Dataset records
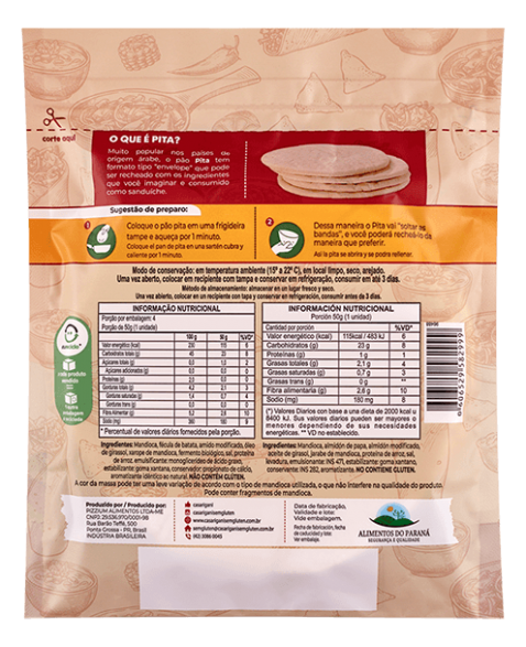 Ingredientes: Mandioca, fécula de batata, amido modificado, óleo de girassol, xarope de mandioca, fermento biológico, sal, proteína de arroz, emulsificante: monoglicerídeo de ácido graxo, estabilizante: goma xantana, conservador: propionato de cálcio e aromatizante.
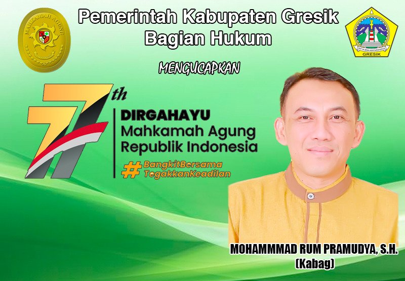 Pemerintah Kabupaten Gresik Bagian Hukum Mengucapkan, Selamat Dirgahayu Mahkamah Agung RI ke-77
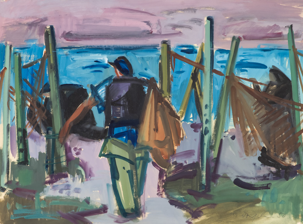 Karl Dönselmann im Sande, Mann mit Netzen, Tempera auf Papier, 1950. © Kunsthaus Leer, J. Bambrowicz
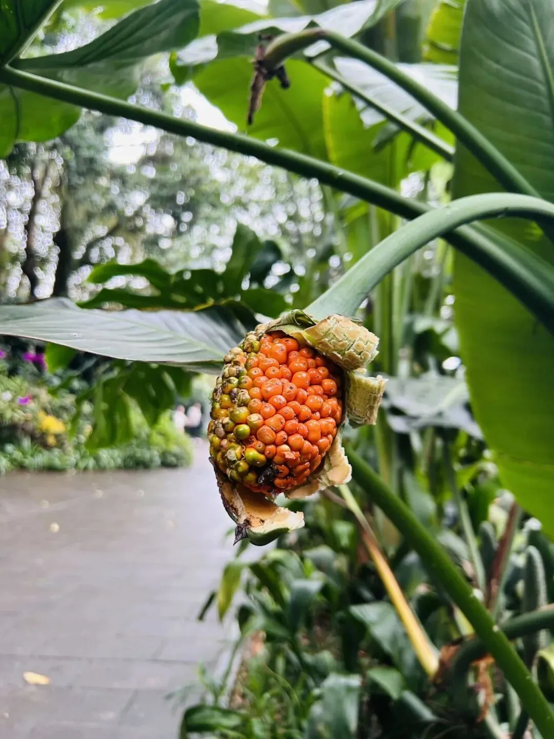 时间已近五点半,准备出园,一路上又看到了细叶朱蕉开着成串的密集小花,海芋结出的红色果实,还有开花的天堂鸟。
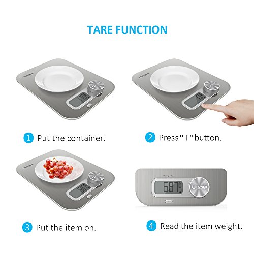 - [TARE FUNCTION]: A precise TARE function can reset the current weight on the scales to zero, so that you can weigh foods directly. Just put the container on the platform, the LCD will show the weight of container, then press “tare” and put the food, you will get the weight of the food.
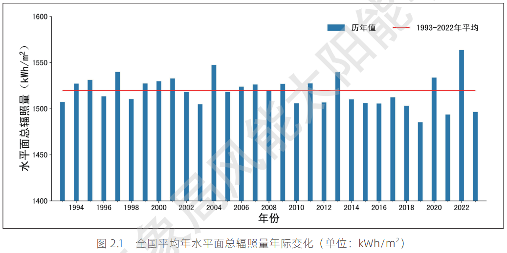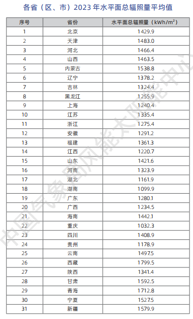 《公報》顯示,從水平面太陽能資源來看,2023年,全國太陽能資源總體為偏小年景全國平均水平面總輻照量約為1496.1千瓦時/平方米,較近30年平均值偏小1.58%(23.6千瓦時/平方米),較近10年平均值偏小1.27%(19.0千瓦時/平方米)。較 2022 年偏小75.4千瓦時/平方米。

Exercise
Pictures are to be dropped; the lines from the start of the entries above through the line with "Pemerintah Kabupaten Gresik" are to be given again verbatim.

Exercise output
 Ingredientes: Mandioca, fécula de batata, amido modificado, óleo de girassol, xarope de mandioca, fermento biológico, sal, proteína de arroz, emulsificante: monoglicerídeo de ácido graxo, estabilizante: goma xantana, conservador: propionato de cálcio e aromatizante.
 Pemerintah Kabupaten Gresik Bagian Hukum Mengucapkan, Selamat Dirgahayu Mahkamah Agung RI ke-77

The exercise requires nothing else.